I need solve this equation [A +  B  +  x^(a)  (C - D x^(b) ]=0,

A,B,C,D,a and b are constants.

I need analytical expression for the x in terms of A,B,C,D and a,b,

I was wondering is this can be done using Mathematica? if so how would i do that? I hope to hearing from you soon.

Many thanks,
Kash.

Hi, Kash,

You have here two problems.

1. Your equation has no exact analytical solution, independent of using Mathematica or using only a pen.

2. You made errors in Mathematica syntax.

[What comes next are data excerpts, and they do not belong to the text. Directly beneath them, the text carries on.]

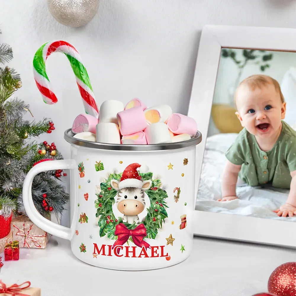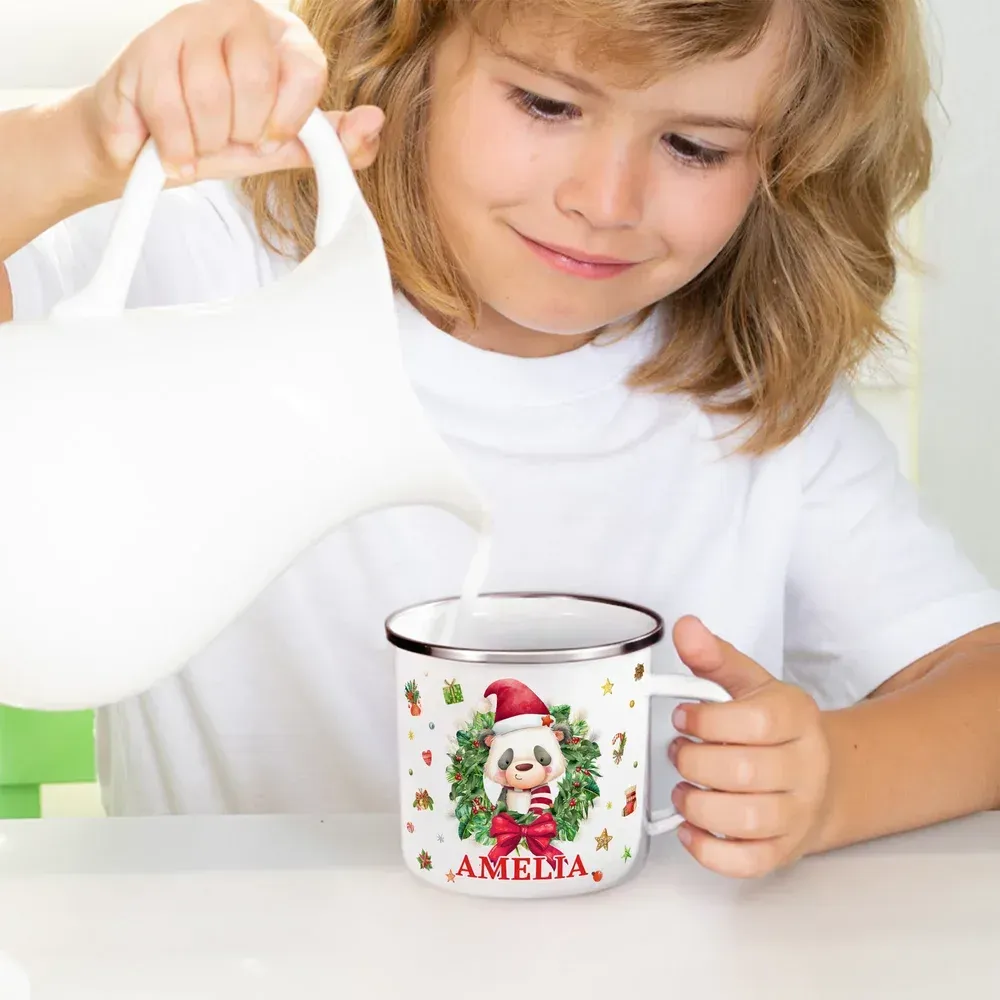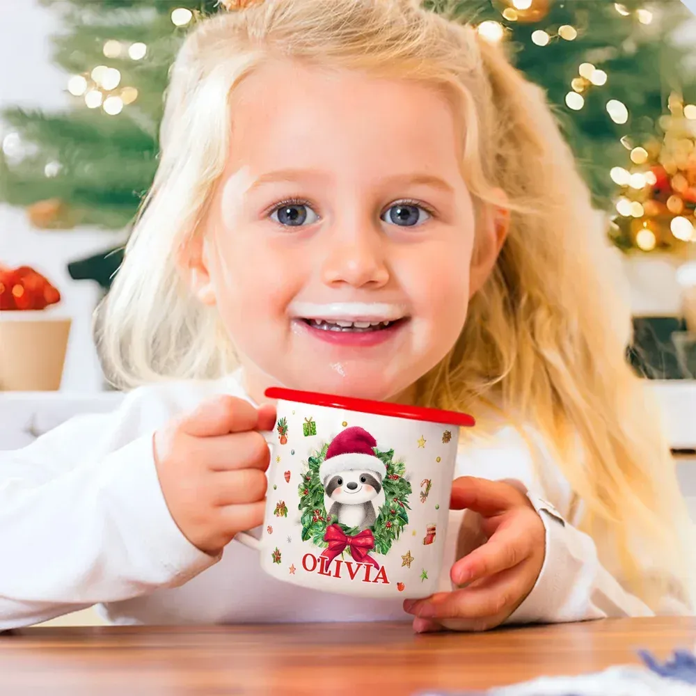 Personalisierte Emaille-Tasse mit Namen, verziert mit einem Kranz, Cartoon-Weihnachtshut und Tiermotiven – das perfekte Weihnachtsgeschenk für Familie und Kinder
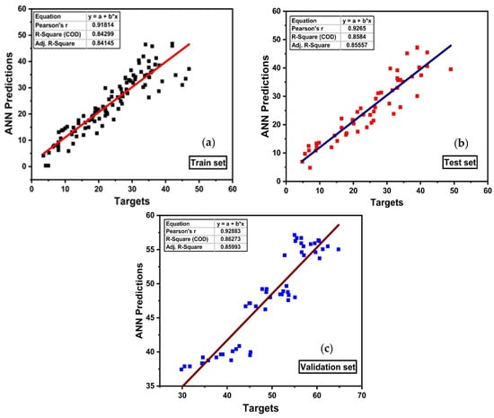 Regression analysis of artificial-neural-network-based predictive model for (a) training, (b) testing, and (c) validation set data.
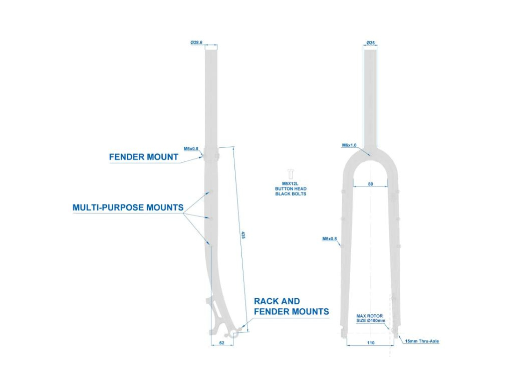 S ohľadom na vašu túžbu jazdiť ďaleko a dlho za akýchkoľvek podmienok a za akýchkoľvek okolností je vidlica Steel Adventure vybavená úchytmi na nosič pre batohy plné výbavy a úchytom na blatník, ktorý vás a váš bicykel ochráni pred špinou. Tri viacúčelové úchyty na nohách vám poskytnú viac miesta na uloženie nevyhnutností.
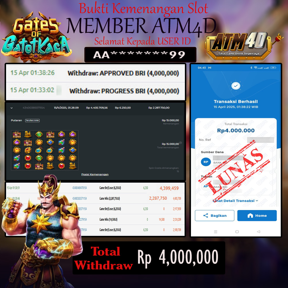 ATM4D – JACKPOT SLOT GACOR GEMS GATES OF GATOT KACA, Bukti Kemenangan , Kemenangan PRAGMATIC, Menang Platform online, Situs Aman Tergacor dan Aman, Withdraw Berapapun Pasti Di Bayar Langsung, Maxwin Slot Online.
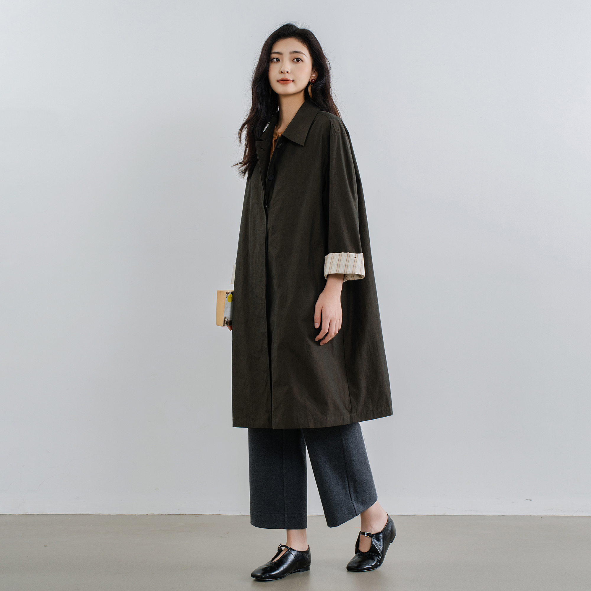 范洛Fano 经典简约慵懒感韩系插肩袖廓形长款风衣外套女秋季新款
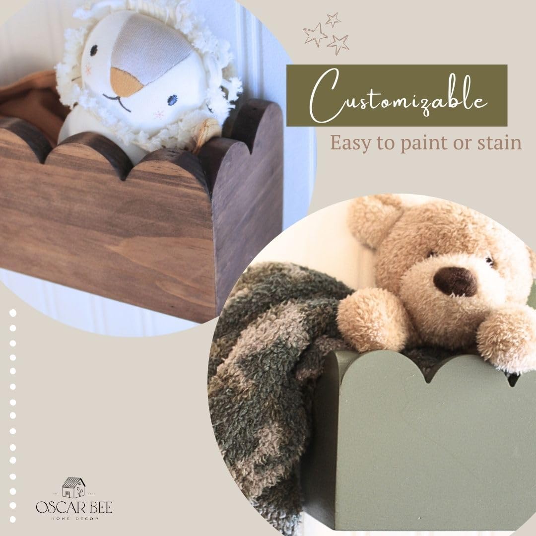 - 𝗖𝘂𝘀𝘁𝗼𝗺𝗶𝘇𝗲 𝘁𝗼 𝗬𝗼𝘂𝗿 𝗡𝘂𝗿𝘀𝗲𝗿𝘆: Featuring a reversible scalloped design, this kids wall bookshelf fits perfectly in baby rooms, whether as traditional nursery shelves for wall or floating book shelves for wall nursery. Easily customize for girls room shelves, nursery bookshelf wall, or shelves for nursery girl or boy themes
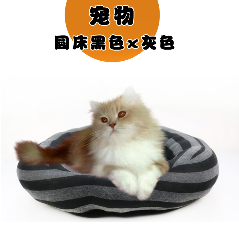 四季猫狗宠物窝黑灰条纹圆形床泰迪柔软舒适透气窝垫宠物用品批发
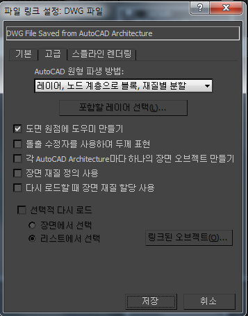 파일 링크 설정: DWG 파일 대화상자의 고급 패널은 3ds Max에서 AutoCAD 원형을 파생하는 방법 및 3ds Max에서 AutoCAD 도면에 연결하거나 다시 로드할 때 장면 재질 정의를 사용할지 여부를 제어합니다. 또한 선택적으로 장면을 다시 로드하여 전체 파일이 아니라 특정 오브젝트만 다시 로드할 수 있도록 합니다.
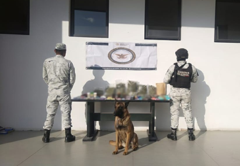 (En Blanco y Negro) Agentes de la Guardia Nacional aseguraron paquetes con narcótico y vapeadores con extracto de droga en el Aeropuerto Internacional de Querétaro. Durante recorridos de

1. The first problem one can address as follows. After correction of errors, I guess the original equation looks like the following:

eq = x^a* (c - D x^b) == F (*F=-A-B*)

x^a (c - D x^b) == F

Now I make its transformations to simplify it. I do it step-by-step by intention, so that you can follow them more easily:

Step1: substitution x -> y^(1/a):

eq2 = Simplify[eq /. x -> y^(1/a), {a > 0, b > 0}] // PowerExpand

y (c - D y^(b/a)) == F

Step 2: Introduction of a new parameter, k, rescaling the variable:

eq3 = Map[Times[1/(c*k), #] &, eq2] /. y -> k*z // Expand

z - (D z (k z)^(b/a))/c == F/(c k)

Step3: k is chosen such that it engulfs one of the variables:

eq4 = eq3 /. k -> c^(a/b)/D^(a/b) // PowerExpand

z - z^(1 + b/a) == c^(-1 - a/b) D^(a/b) F

Step 4: the final change of variables is made to simplify the form of equation:

eq5 = eq4 /. {b -> alfa*a, F -> beta/(c^(-1 - 1/alfa) D^(1/alfa))}

z - z^(1 + alfa) == beta

The last equation in terms of the unknown z is the one that you may try to somehow solve. It has only two control parameters: alfa and beta. I do not see any way to make it easier.

Now, if you have some numeric values of alfa and beta you could solve it numerically.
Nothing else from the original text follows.